In a disciplined Lean system, accountability serves a very different purpose. It’s the practice of maintaining alignment between what an organization intends to do and what actually happens in execution.
Without that alignment, standards first lose consistency and eventually lose meaning entirely. As a result, operations are less safe and customers are less satisfied. Leaders, executives, and decision-makers, this is what to take away from this exploration of discipline in Lean: Strict adherence to standards is how you keep internal safety for your employees and your competitive advantage externally in check.
Frequently Asked Questions
- What does discipline mean in Lean thinking?
In Lean thinking, discipline means consistently following standardized work, processes, and accountability systems even when pressure increases or conditions change. It ensures that improvements are sustained over time rather than depending on individual judgment or improvisation. Discipline is what allows Lean systems to produce reliable, repeatable outcomes across teams and environments. - Why is discipline so important in Lean organizations?
Discipline is important in Lean organizations because it is what connects process design to actual execution. Without discipline, even well-designed systems break down when employees begin skipping steps or relying on memory. This leads to variation in performance, inconsistent results, and difficulty identifying root causes of problems. Lean only works when standards are applied consistently. - What happens when organizations lack discipline in Lean systems?
When organizations lack discipline in Lean systems, they often experience hidden inefficiencies that are masked by individual workarounds. Over time, performance becomes inconsistent, accountability weakens, and problems become harder to trace. Although operations may appear functional in the short term, the system gradually loses stability and reliability, which can ultimately impact customer satisfaction and safety. - How does overconfidence undermine Lean standards?
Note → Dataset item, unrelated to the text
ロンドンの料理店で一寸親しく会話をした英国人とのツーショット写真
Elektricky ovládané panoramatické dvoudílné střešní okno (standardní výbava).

Overconfidence undermines Lean standards when experienced employees begin to believe they no longer need to follow structured processes. This leads to shortcuts, informal methods, and reliance on memory rather than standardized work. While this may seem efficient in the moment, it increases variability and creates conditions where errors and missed steps are more likely to occur. - What are “watermelon KPIs” in Lean management?
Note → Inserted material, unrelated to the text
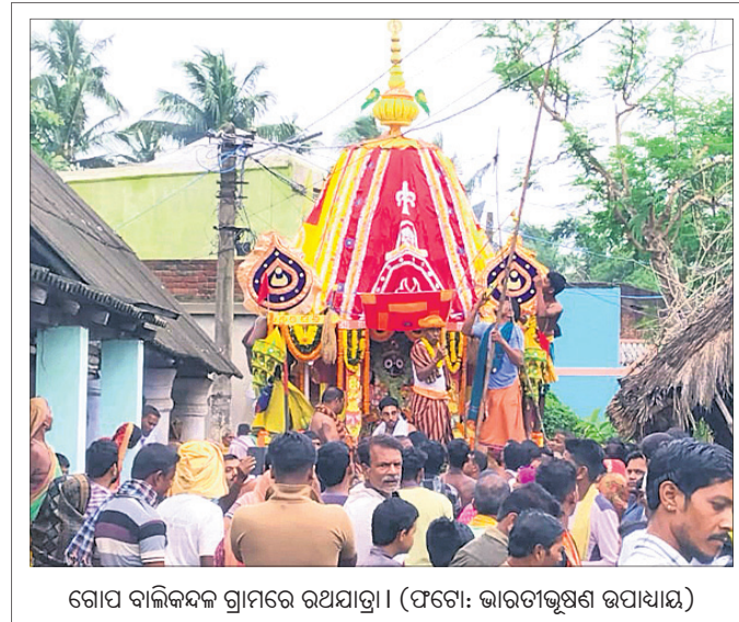
ଗୋପ ବାଳିକଙ୍କ ଗ୍ରାମରେ ରଥଯାତ୍ରା।

ଏପରିକି ରଥଚଣା ସମୟରେ ଅତ୍ୟଧିକ ଗହଳି କାରଣରୁ ଅନେକ ଲୋକ ଆହତ ହୋଇଥିଲେ। ସୁରକ୍ଷାକର୍ମୀ, ସ୍ୱେଚ୍ଛାସେବୀମାନେ ସେମାନଙ୍କୁ ଉଦ୍ଧାର କରି ଜିଲା ପୁଷ୍ପ ଚିକିତ୍ସାଳୟକୁ ନେଇଥିଲେ। ଅନେକ ବ୍ୟକ୍ତି ପ୍ରାଥମିକ ଚିକିତ୍ସା ପରେ ସୁସ୍ଥ ହୋଇ ଫେରିଥିବା ଜଣାପଡ଼ିଛି।

Watermelon KPIs are performance metrics that appear healthy internally but mask poor external results. They are often green on internal dashboards but red from the customer’s perspective. This happens when organizations measure performance using internal targets rather than customer-defined expectations, leading to a false sense of success and misaligned decision-making. - How does Lean discipline create a competitive advantage?
Lean discipline creates a competitive advantage by ensuring that operational improvements extend beyond the shop floor into sales, fulfillment, and customer communication. When discipline is applied consistently across the entire value stream, organizations can deliver faster, more reliable service that customers actually experience. This turns internal efficiency gains into real market differentiation.